# [What you have to do]
Would you retype the listing below word for word, without any of its pictures?

# [Data below]
------------
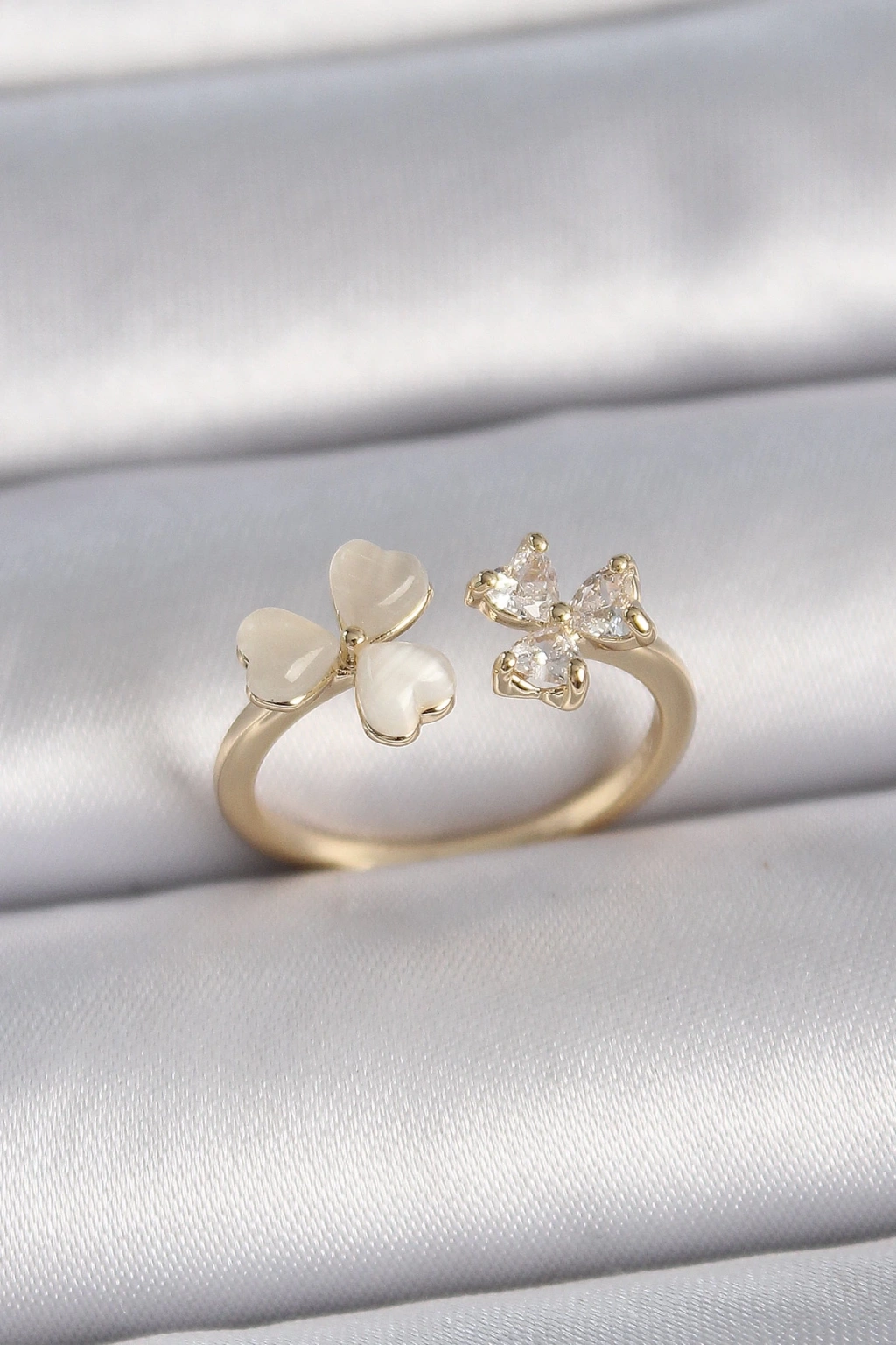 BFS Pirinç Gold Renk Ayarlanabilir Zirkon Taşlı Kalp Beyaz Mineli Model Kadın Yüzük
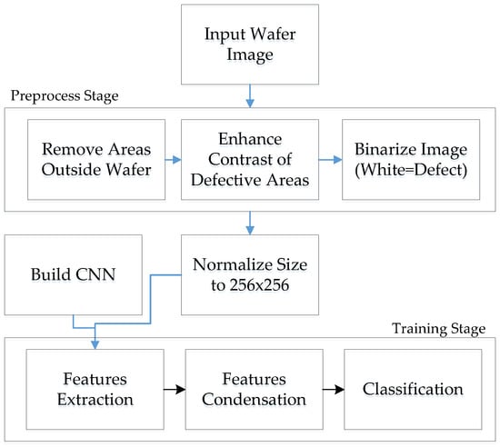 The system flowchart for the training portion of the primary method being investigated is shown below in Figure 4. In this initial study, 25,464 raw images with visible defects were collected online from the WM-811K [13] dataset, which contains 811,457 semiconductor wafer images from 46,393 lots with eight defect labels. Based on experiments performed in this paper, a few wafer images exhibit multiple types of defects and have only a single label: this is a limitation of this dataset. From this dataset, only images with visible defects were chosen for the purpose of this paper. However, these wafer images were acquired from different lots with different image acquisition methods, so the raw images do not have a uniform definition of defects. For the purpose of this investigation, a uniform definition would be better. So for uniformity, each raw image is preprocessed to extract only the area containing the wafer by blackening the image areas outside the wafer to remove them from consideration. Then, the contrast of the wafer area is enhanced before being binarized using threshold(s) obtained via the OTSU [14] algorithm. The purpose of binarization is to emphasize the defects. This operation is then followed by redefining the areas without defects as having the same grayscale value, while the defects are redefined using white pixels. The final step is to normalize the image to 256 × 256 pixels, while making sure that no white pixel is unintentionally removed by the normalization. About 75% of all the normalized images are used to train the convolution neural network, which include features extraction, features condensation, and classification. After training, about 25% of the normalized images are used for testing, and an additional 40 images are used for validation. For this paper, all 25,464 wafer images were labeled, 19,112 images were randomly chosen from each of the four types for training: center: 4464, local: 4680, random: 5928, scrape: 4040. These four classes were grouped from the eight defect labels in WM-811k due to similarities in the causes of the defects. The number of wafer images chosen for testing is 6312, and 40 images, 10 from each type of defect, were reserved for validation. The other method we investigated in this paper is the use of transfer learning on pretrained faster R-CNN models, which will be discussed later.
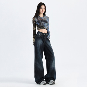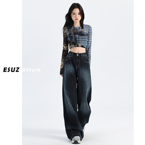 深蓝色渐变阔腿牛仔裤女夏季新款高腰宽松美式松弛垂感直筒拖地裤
------------
# [Your response]
 BFS Pirinç Gold Renk Ayarlanabilir Zirkon Taşlı Kalp Beyaz Mineli Model Kadın Yüzük
 The system flowchart for the training portion of the primary method being investigated is shown below in Figure 4. In this initial study, 25,464 raw images with visible defects were collected online from the WM-811K [13] dataset, which contains 811,457 semiconductor wafer images from 46,393 lots with eight defect labels. Based on experiments performed in this paper, a few wafer images exhibit multiple types of defects and have only a single label: this is a limitation of this dataset. From this dataset, only images with visible defects were chosen for the purpose of this paper. However, these wafer images were acquired from different lots with different image acquisition methods, so the raw images do not have a uniform definition of defects. For the purpose of this investigation, a uniform definition would be better. So for uniformity, each raw image is preprocessed to extract only the area containing the wafer by blackening the image areas outside the wafer to remove them from consideration. Then, the contrast of the wafer area is enhanced before being binarized using threshold(s) obtained via the OTSU [14] algorithm. The purpose of binarization is to emphasize the defects. This operation is then followed by redefining the areas without defects as having the same grayscale value, while the defects are redefined using white pixels. The final step is to normalize the image to 256 × 256 pixels, while making sure that no white pixel is unintentionally removed by the normalization. About 75% of all the normalized images are used to train the convolution neural network, which include features extraction, features condensation, and classification. After training, about 25% of the normalized images are used for testing, and an additional 40 images are used for validation. For this paper, all 25,464 wafer images were labeled, 19,112 images were randomly chosen from each of the four types for training: center: 4464, local: 4680, random: 5928, scrape: 4040. These four classes were grouped from the eight defect labels in WM-811k due to similarities in the causes of the defects. The number of wafer images chosen for testing is 6312, and 40 images, 10 from each type of defect, were reserved for validation. The other method we investigated in this paper is the use of transfer learning on pretrained faster R-CNN models, which will be discussed later.
 深蓝色渐变阔腿牛仔裤女夏季新款高腰宽松美式松弛垂感直筒拖地裤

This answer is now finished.